▶ _Excerpts from a dataset_:
────────────────────

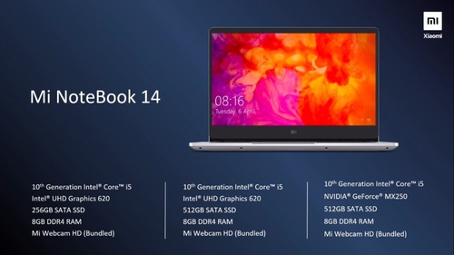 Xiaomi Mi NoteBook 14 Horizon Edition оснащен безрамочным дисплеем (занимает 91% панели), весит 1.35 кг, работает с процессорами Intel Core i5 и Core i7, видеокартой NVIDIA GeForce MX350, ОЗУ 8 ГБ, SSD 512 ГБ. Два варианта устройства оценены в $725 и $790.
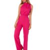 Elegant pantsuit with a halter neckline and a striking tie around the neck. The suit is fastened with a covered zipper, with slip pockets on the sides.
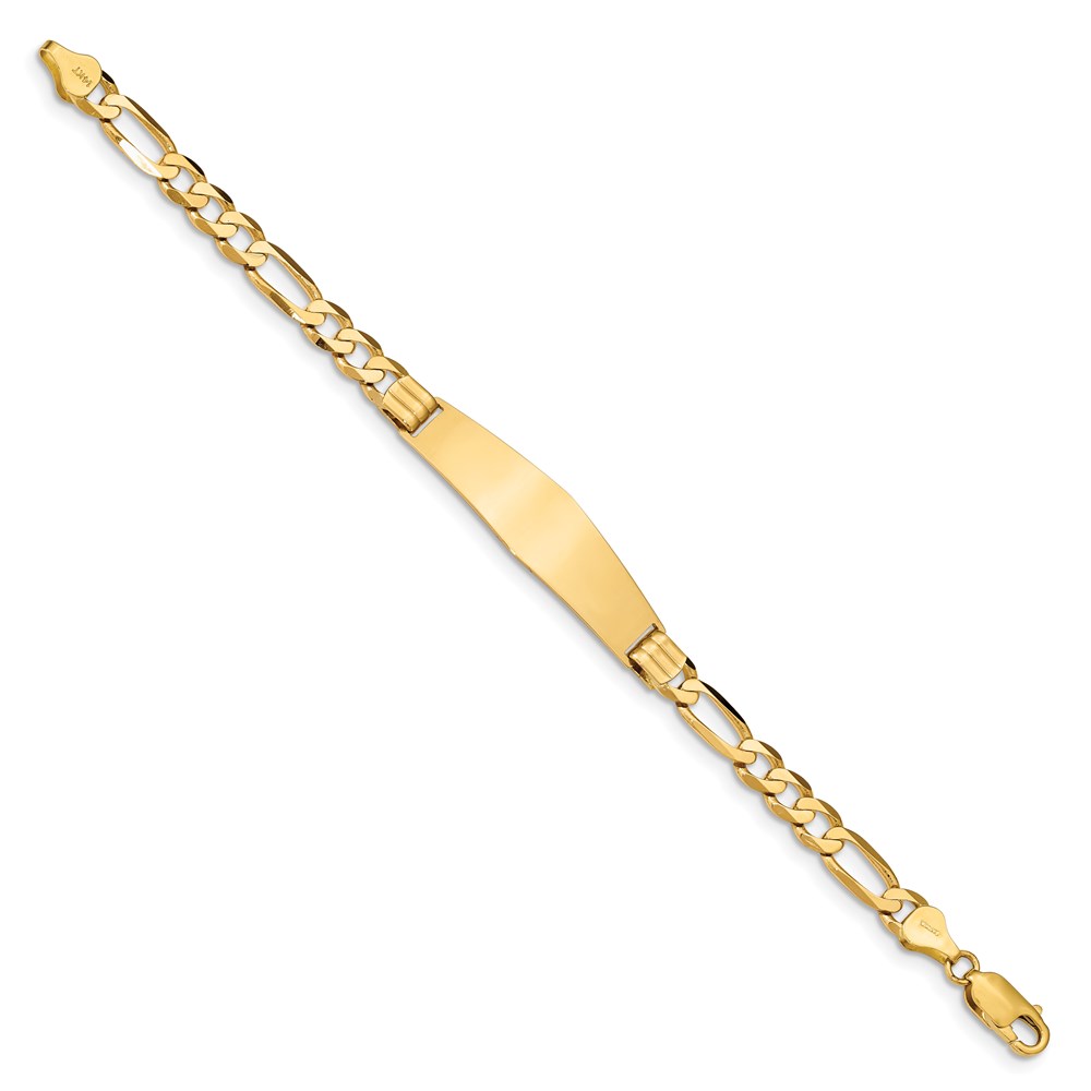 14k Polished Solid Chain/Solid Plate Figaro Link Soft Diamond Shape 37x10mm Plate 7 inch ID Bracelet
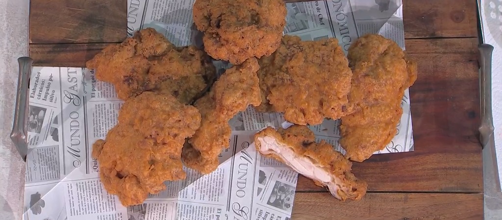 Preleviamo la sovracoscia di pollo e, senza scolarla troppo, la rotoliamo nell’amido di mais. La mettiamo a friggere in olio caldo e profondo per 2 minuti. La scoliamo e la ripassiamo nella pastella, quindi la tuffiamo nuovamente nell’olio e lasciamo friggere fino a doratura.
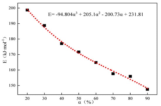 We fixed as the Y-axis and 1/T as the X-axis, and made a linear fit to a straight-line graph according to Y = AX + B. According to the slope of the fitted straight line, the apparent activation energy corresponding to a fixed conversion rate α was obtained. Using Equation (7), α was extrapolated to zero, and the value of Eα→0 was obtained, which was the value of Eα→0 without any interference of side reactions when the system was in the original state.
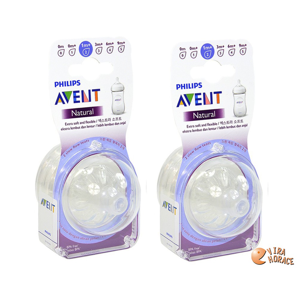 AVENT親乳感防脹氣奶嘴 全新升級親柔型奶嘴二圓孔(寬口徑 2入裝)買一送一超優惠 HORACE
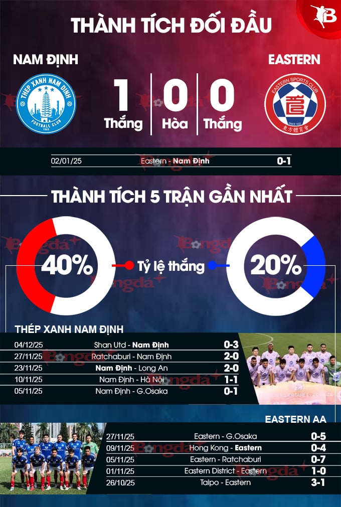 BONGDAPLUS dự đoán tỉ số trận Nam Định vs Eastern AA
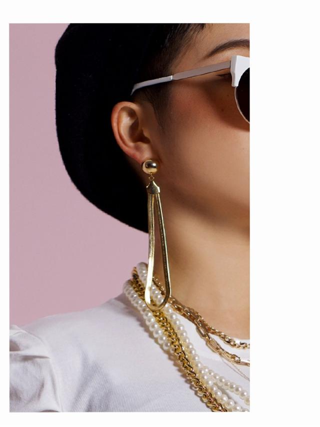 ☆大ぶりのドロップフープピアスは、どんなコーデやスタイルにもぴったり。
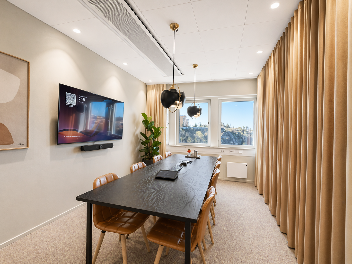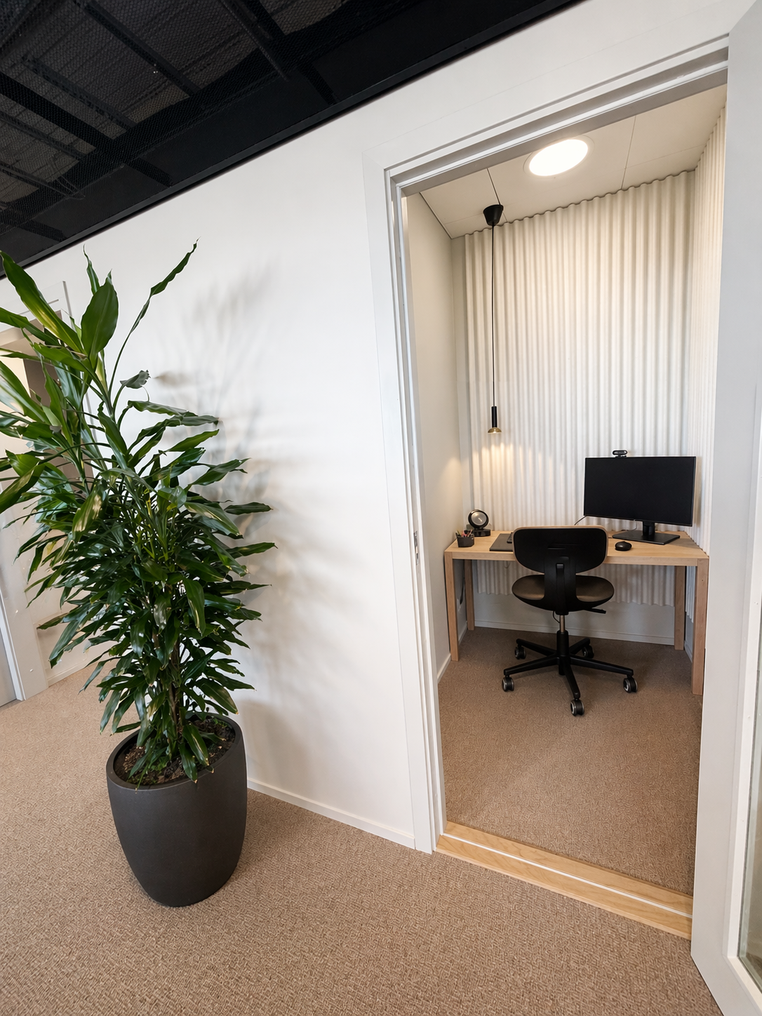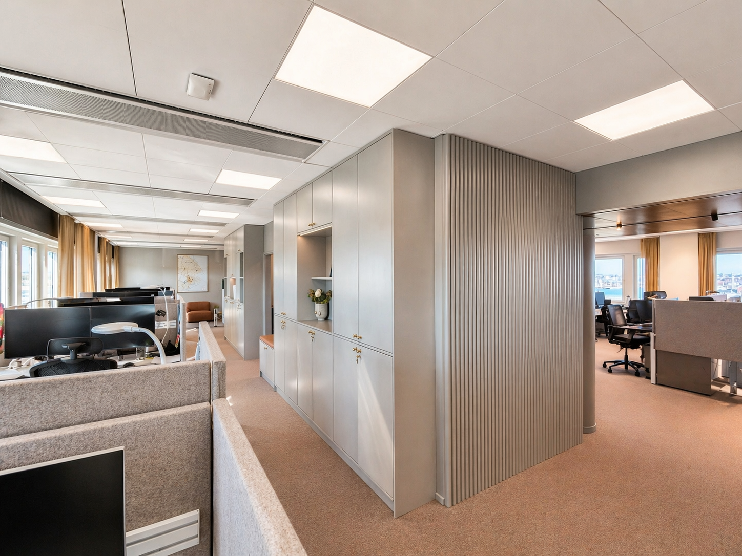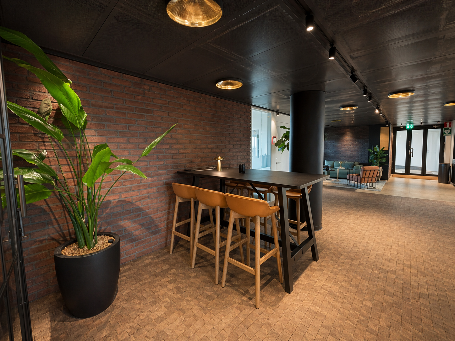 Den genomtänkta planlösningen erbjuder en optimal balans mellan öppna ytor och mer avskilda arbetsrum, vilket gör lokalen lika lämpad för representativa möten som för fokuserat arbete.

────────────────────

▶ _Exercise prompt_: Restate word for word the lines starting at the one that contains "AVENT親乳感防脹氣奶嘴 全新升級親柔型奶嘴二圓孔(寬口徑 2入裝)買一送一超優惠" and ending at the last line of the data. Skip every picture.

▶ _Response area_:
 AVENT親乳感防脹氣奶嘴 全新升級親柔型奶嘴二圓孔(寬口徑 2入裝)買一送一超優惠 HORACE
 BONGDAPLUS dự đoán tỉ số trận Nam Định vs Eastern AA
 ☆大ぶりのドロップフープピアスは、どんなコーデやスタイルにもぴったり。
 Den genomtänkta planlösningen erbjuder en optimal balans mellan öppna ytor och mer avskilda arbetsrum, vilket gör lokalen lika lämpad för representativa möten som för fokuserat arbete.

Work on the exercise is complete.